Question

If 3 g of glucose (Molar mass = 180) is dissolved in 60 g of water at 15 degree, the osmotic pressure of the solution will be

• A. 6.57 atm
• B. 0.34 atm
• C. 5.57 atm
• D. 0.65 atm

Answer 1

The Correct Option is A

To calculate the osmotic pressure of a solution, we can use the formula:
\(\text{Osmotic pressure} = \left( \frac{n}{V} \right)RT\)
First, let's calculate the number of moles of glucose:
\(\text{Number of moles of glucose} = \frac{\text{mass of glucose}}{\text{molar mass of glucose}}\)

\(\text{Number of moles of glucose} = \frac{3 \, \text{g}}{180 \, \text{g/mol}} = 0.0167 \, \text{mol}\)
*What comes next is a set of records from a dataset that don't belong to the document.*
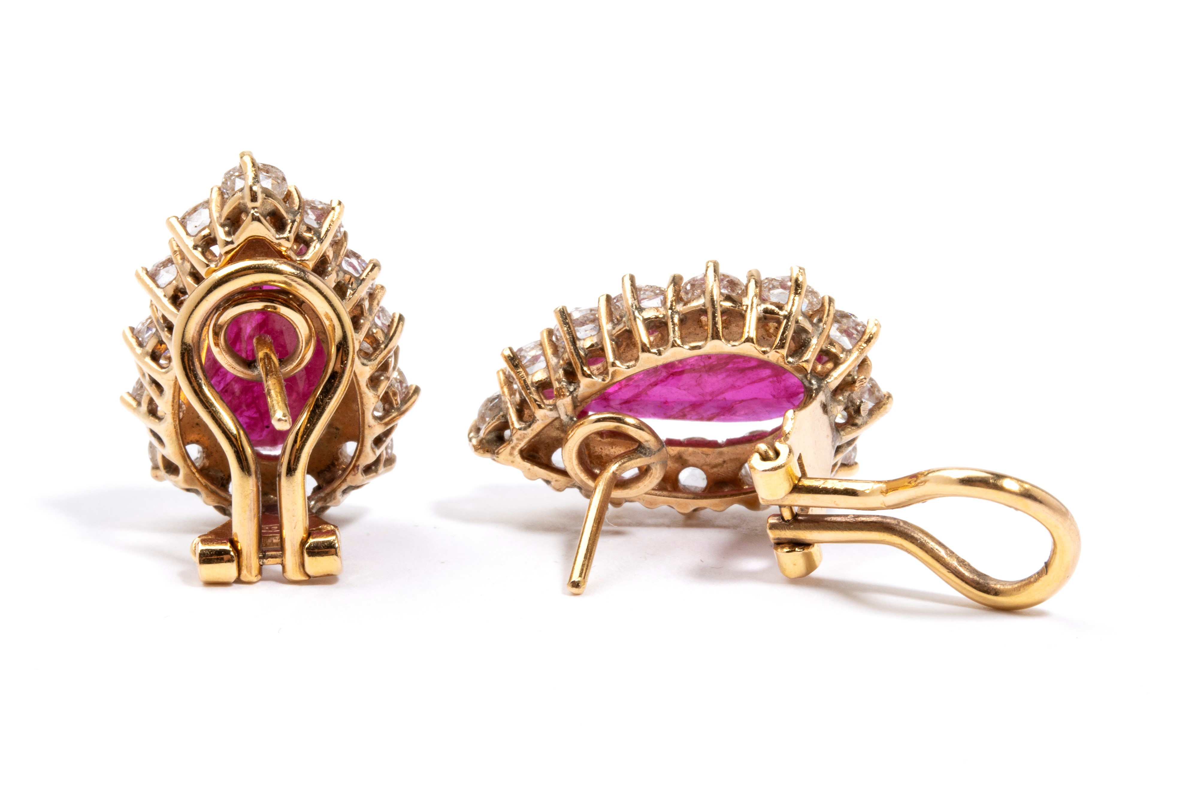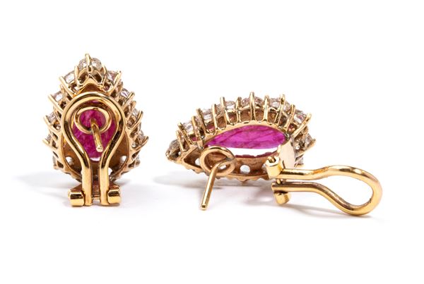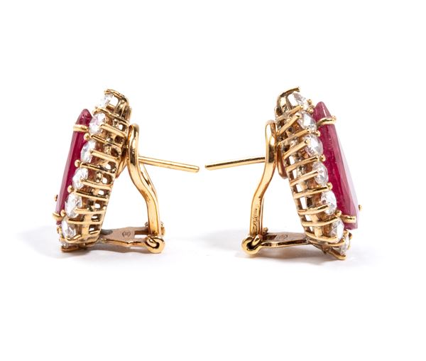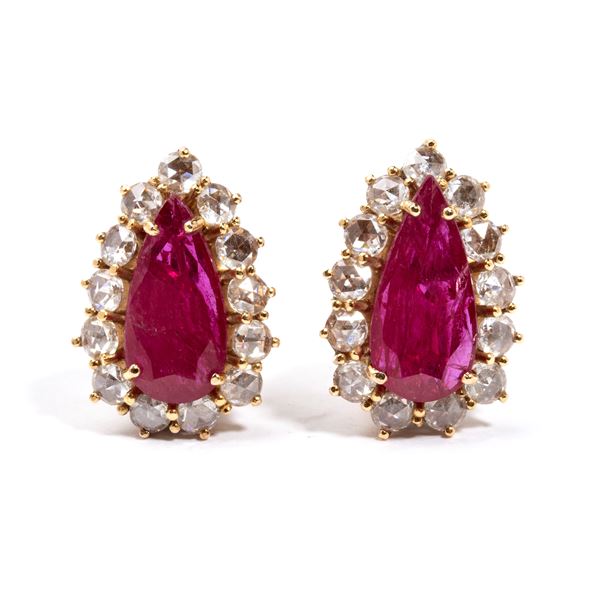 18k yellow gold, each set with a pear shaped ruby framed by rose cut diamonds.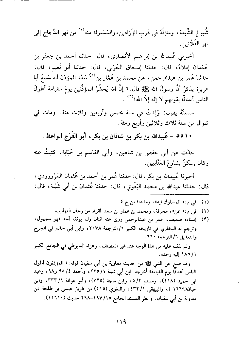 5510 - عبيد الله بن بكر بن شاذان بن بكر، أبو الفرج الواعظ حدث عن أبي حفص بن شاهين، وأبي القاسم بن حبابة.
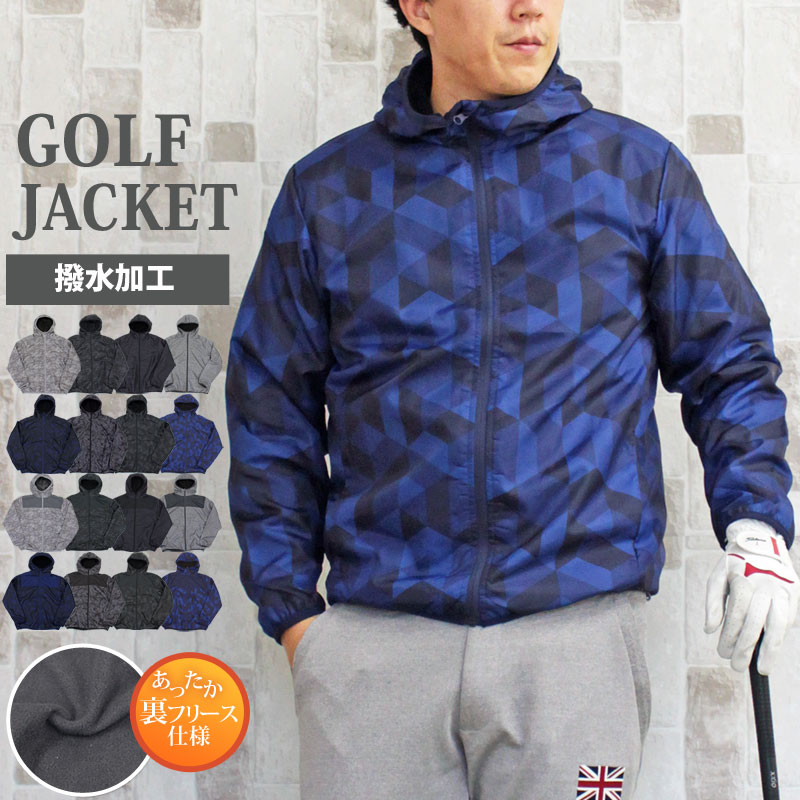 ゴルフジャケット メンズ ゴルフウェア 裏起毛フリース 撥水加工 アウター ブルゾン パーカー フード フルジップアップ スポーツウェア 暖かい 防寒 秋冬

Next, we need to convert the mass of water to volume:
\(\text{Volume of water} = \frac{\text{mass of water}}{\text{density of water}}\)

\(\text{Volume of water} = \frac{60 \, \text{g}}{1 \, \text{g/cm}^3} = 60 \, \text{cm}^3 = 0.06 \, \text{L}\)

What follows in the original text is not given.